In the most general sense, the cloze is a test of language ability or reading comprehension, which is created by removing certain words from a text. The gaps are to be filled in with appropriate words. In the open cloze, the test-taker is to guess the suitable words from the context, without seeing any multiple choice options. It may therefore be a challenging task, requiring a deep understanding of language structure [1, 2].

Although the open cloze may be of different varieties [2], the approach presented in this paper is aimed at the generation of exercisesFootnote 1 emulating the open cloze test used in Cambridge certificate exams (FCE, CAE and CPE). In this test, “[t]he focus of the gapped words is either grammatical, such as articles, auxiliaries, prepositions, pronouns, verb tenses and forms; or lexicogrammatical, such as phrasal verbs, linkers and words within fixed phrases” [1].

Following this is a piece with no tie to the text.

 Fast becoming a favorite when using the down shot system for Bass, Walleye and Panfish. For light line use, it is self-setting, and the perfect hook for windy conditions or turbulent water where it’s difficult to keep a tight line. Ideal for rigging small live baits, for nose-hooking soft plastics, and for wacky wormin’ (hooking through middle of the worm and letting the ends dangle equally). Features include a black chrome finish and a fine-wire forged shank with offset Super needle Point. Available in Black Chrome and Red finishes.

The reasons for choosing the Cambridge open cloze as the target exercise type are the following:

  1. 1.

    Cambridge certificate exams are well-established and highly regarded, and they tend to emphasize a close relationship between teaching and testing [3]. Open cloze exercises are a useful stimulus in integrated reading, writing and vocabulary instruction [2].

  2. 2.

    This exercise type largely focuses on using function words in English, an analytic language. These may be difficult for learners to master and often require extensive practice. This is especially true for learners whose mother tongue (L1) differs from English in its structure. For example, Russian learners typically struggle with English prepositions, auxiliary verbs and articles, which either work very differently or are not altogether found in their L1. The open cloze may therefore be a helpful tool for practicing the use of function words.

The method discussed in this paper is part of a larger system developed by the author, called ELEM (English Language Exercise Maker), which is aimed at generating English vocabulary and grammar exercises of various types based on real-life texts. Being able to use arbitrary texts (e.g. news articles, blog entries, film reviews etc.) for generating exercises gives the user a lot of freedom in choosing interesting and relevant material. Research has shown that learners’ motivation can be improved by tailoring texts to their interests [4].

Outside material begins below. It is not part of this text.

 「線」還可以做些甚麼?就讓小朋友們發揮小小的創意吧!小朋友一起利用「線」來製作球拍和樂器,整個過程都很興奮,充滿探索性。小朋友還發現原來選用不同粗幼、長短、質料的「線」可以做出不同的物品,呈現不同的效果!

This paper is structured as follows. Section 2 discusses related work. Section 3 describes the method of generating open cloze exercises used in ELEM. Section 4 reports on an evaluation of the exercises generated. Section 5 concludes and outlines future work.

2 Related Work

Some recent research has been conducted with a view to facilitating exercise creation. Among the more general solutions are multi-domain exercise or test generation systems, e.g. [57], as well as authoring tools, e.g. Hot Potatoes,Footnote 2 MaxAuthorFootnote 3 and others.

There are also several systems that are designed for generating exercises of one or more specific types to aid learners of the supported language(s). Exercise types include reading comprehension questions [8], morphological transformation [913] error correction [10], finding related words [14], shuffle questions (putting words in the right order to form a correct sentence, adding appropriate inflections and/or function words) [15], translation [16], grammatical or lexico-grammatical open cloze (fill-in-the-blank without multiple choice) [12, 13, 15], and, probably the most common, multiple choice questions or cloze tests [10, 13, 1720]. All these are language exercises, unlike, for example, open cloze tests checking students’ factual knowledge [21].

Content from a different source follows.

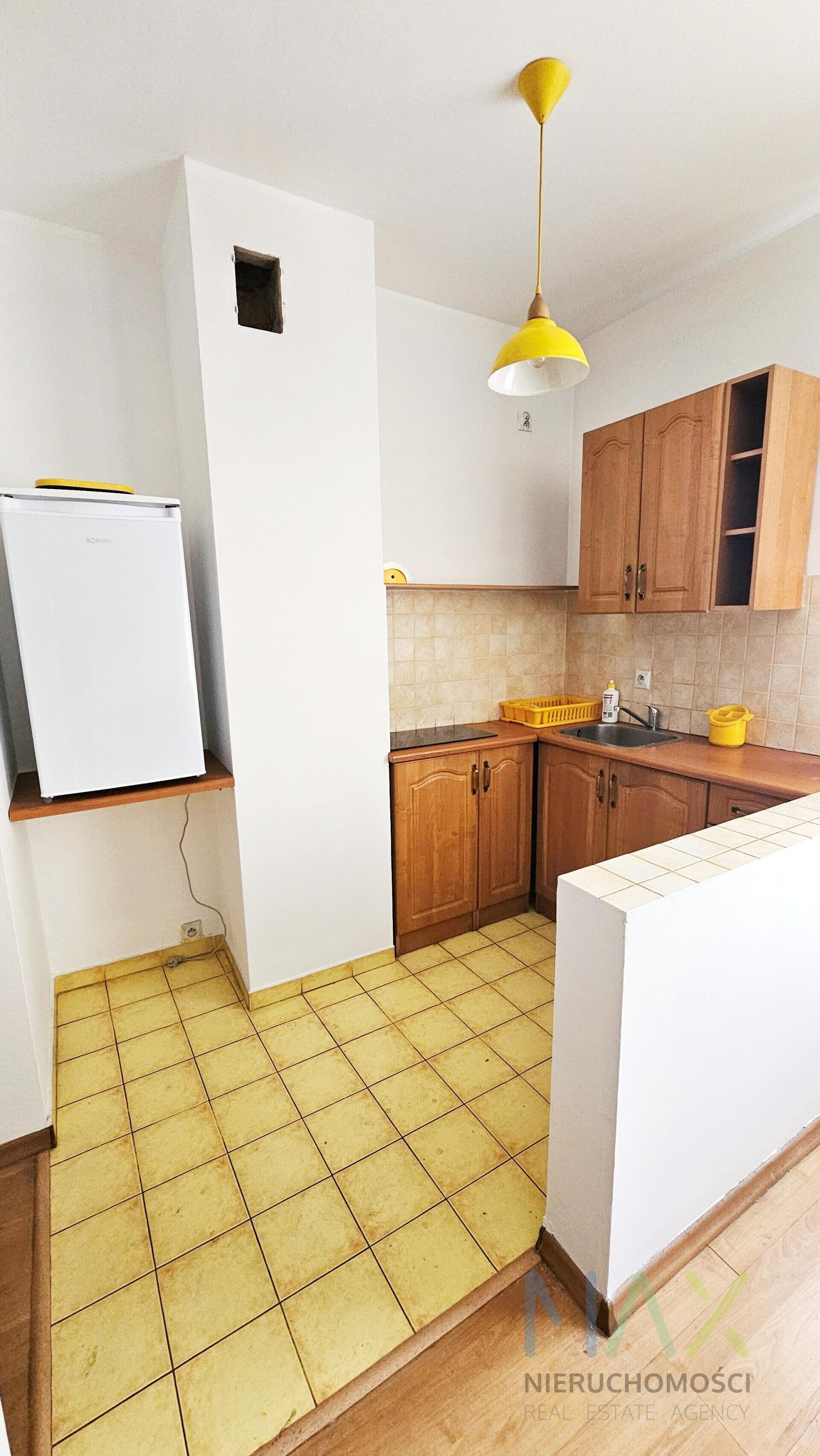 MIeszkanie składa się z przestronnego pokoju, małego aneksu kuchennego, łazienki z wanną i przedpokju z 2 dużymi i pojemnymi szafami.

As mentioned before, this article will focus on a specific exercise type, the open cloze that tests the learner’s language proficiency. The majority of the solutions listed above concentrate on other exercise types, with the exception of KillerFiller, an exercise-building tool that is part of the VISL projectFootnote 4 [12], the gap-filling activity maker in the VIEW projectFootnote 5 [13], and GramEx [15]. It is important to outline the principal differences between these systems and the method presented in this paper.

KillerFiller supports multiple languages including English. It extracts sentences from annotated corpora, replacing words of a given part of speech with blanks that the user has to fill in. At the time of writing, five word classes are available: verbs, adjectives, prepositions, adverbs and nouns. Open cloze exercises are only generated if the user chooses prepositions; in all other cases the lemma of the target word is given next to the blank, in which case the focus of the task is on morphological transformation. When prepositions are chosen as the target word class, they are simply removed from the sentence and replaced with gaps. Often, there is arguably not enough context for guessing correctly.

VIEW is an ICALL tool for enhancing authentic web pages in English and some other languages. It uses a blend of state-of-the-art NLP techniques: tokenization, lemmatization, morphological analysis, part-of-speech tagging, chunking, and parsing. VIEW can transform authentic web pages into language exercises. One of the supported exercise types is a fill-in-the-blank activity, where the user first selects the language phenomenon to practice (e.g. articles, determiners, gerunds vs. infinitives etc.). After providing a URL, the user proceeds to the enhanced version of the web page, where he/she is to fill the blanks made by VIEW. The system removes some of the words representing the target language phenomenon that are found on the page. The resulting activity is effectively an open cloze if the user has chosen one of the following: articles, determiners, phrasal verbs or prepositions.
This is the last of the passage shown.